Разделение российского еврейства на две религиозные ветви: хасидскую и талмудическую – очерчивалось разными географическими зонами их распространения. На севере, среди прибалтийского еврейства, наиболее состоятельного и образованного, господствовали «миснагдим» – буквально «противящиеся», то есть не принявшие хасидского обновления, верные раввинистическим устоям, предпочитавшие обучение Книге, ученый, законнический путь Богопознания. Ближе к югу, среди бедного еврейского населения, прежде всего на Украине, – не оставалось другого пути к Богу, кроме легкосердечности, беззаботности, радости нищего сердца: там проповедь основателя хасидизма Баал Шем Това (Бешта) имела наибольший успех. Закон написан не в книгах, он записан в твоем собственном сердце, как открытость Богу и сорадование всякой мелочи, приоткрывающей Его волю.
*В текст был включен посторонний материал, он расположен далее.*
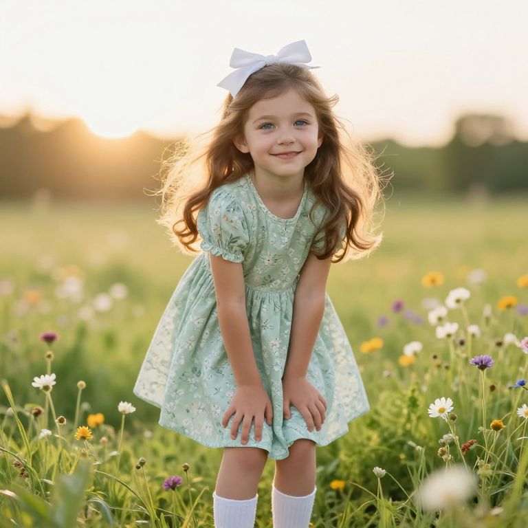 A young girl with soft, flowing brown hair and gentle blue eyes stands in a sunny meadow, wearing a light green dress with delicate floral patterns, a white bow tied neatly on her head, and white socks that match the clean, fresh look of her outfit. She smiles warmly, her hands resting lightly on her knees, surrounded by blooming wildflowers and a soft golden sunrise in the background. The scene is bright, cheerful, and idealized, with a touch of whimsy and innocence.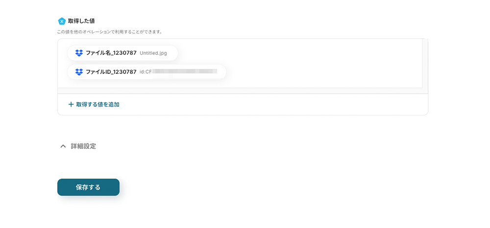 ファイルが取得できたことを確認したら、保存するをクリックして次に進みます。

Как известно, семейство Пастернак происходит с крайнего юга географической зоны еврейского расселения в России – из Одессы. Предки Мандельштама, напротив, происходят с севера, по отцовской линии – из Риги, по материнской – из Вильно. Преобладание творческого хасидизма в Пастернаке и творческого талмудизма в Мандельштаме в какой-то мере предвосхищено той духовной средой, которая питала их предков [64] О связи предков Пастернака с еврейскими традициями известно очень мало, видимо, в силу того, что два самых знаменитых представителя этого рода – художник Леонид Осипович Пастернак и его сын Борис Леонидович – проявляли к этому наследию скорее отрицательный интерес, т. е. сознательно от него отстранялись. Известно, однако, что предки Пастернака осели на юге Украины еще в середине XVIII века и что дед поэта по отцовской линии служил кантором в синагоге, что предполагает наследственную укорененность в хасидской среде или по крайней мере непосредственное знакомство с ней. Наиболее подробные сведения о предках Пастернака содержатся в книгах: Пастернак Л. Записи разных лет. М., 1975; Christopher Barnes. Boris Pasternak. A Literary Biography. 1890–1928. Vol. 1. Cambridge (England), New York: Cambridge UP, 1989; Peter Levi. Boris Pasternak. London, Sydney: Hutchinson, 1990; Lazar Fleishman . Boris Pasternak. The Poet and His Politics. Cambridge: Harvard UP, 1990.
.
Талмудисты по сложившейся тысячелетней традиции полагали, что народ, рассеянный Богом за свои грехи, должен плакать и молиться, читать Талмуд и следовать букве и духу Закона, и в этом – единственный путь искупления грехов и возвращения Божьей милости. Хасиды же – и в этом они могут быть соотнесены с харизматическими движениями в других религиях (например, суфизм в мусульманстве, пятидесятничество в христианстве) – считали, что верующему дано воспринимать Бога полнотой своего умиленного и просветленного сердца. Хасидизм – экзистенциально-мистическое движение в восточноевропейском еврействе, особенно гонимом и страждущем и потому чувствительном к проповеди радостного Богопознания [65] Под хасидизмом здесь и дальше будет пониматься именно духовное течение среди восточноевропейского еврейства XVII–XIX веков, а не современный хасидизм в Израиле и США, представляющий иное духовно-конфессиональное образование.
.
Если талмудист подчиняет свой ум постижению законов, вписанных в Книгу, то хасид читает их в собственном сердце. Цадик, святой хасидизма, открыт малейшим случайностям мироздания как игре Божественного промысла, в которой человек призван быть блаженным соучастником. Чем случайнее явление, тем божественнее его природа, ибо божественное – это непредусмотренное, невыводимое из общих законов и несводимое к ним.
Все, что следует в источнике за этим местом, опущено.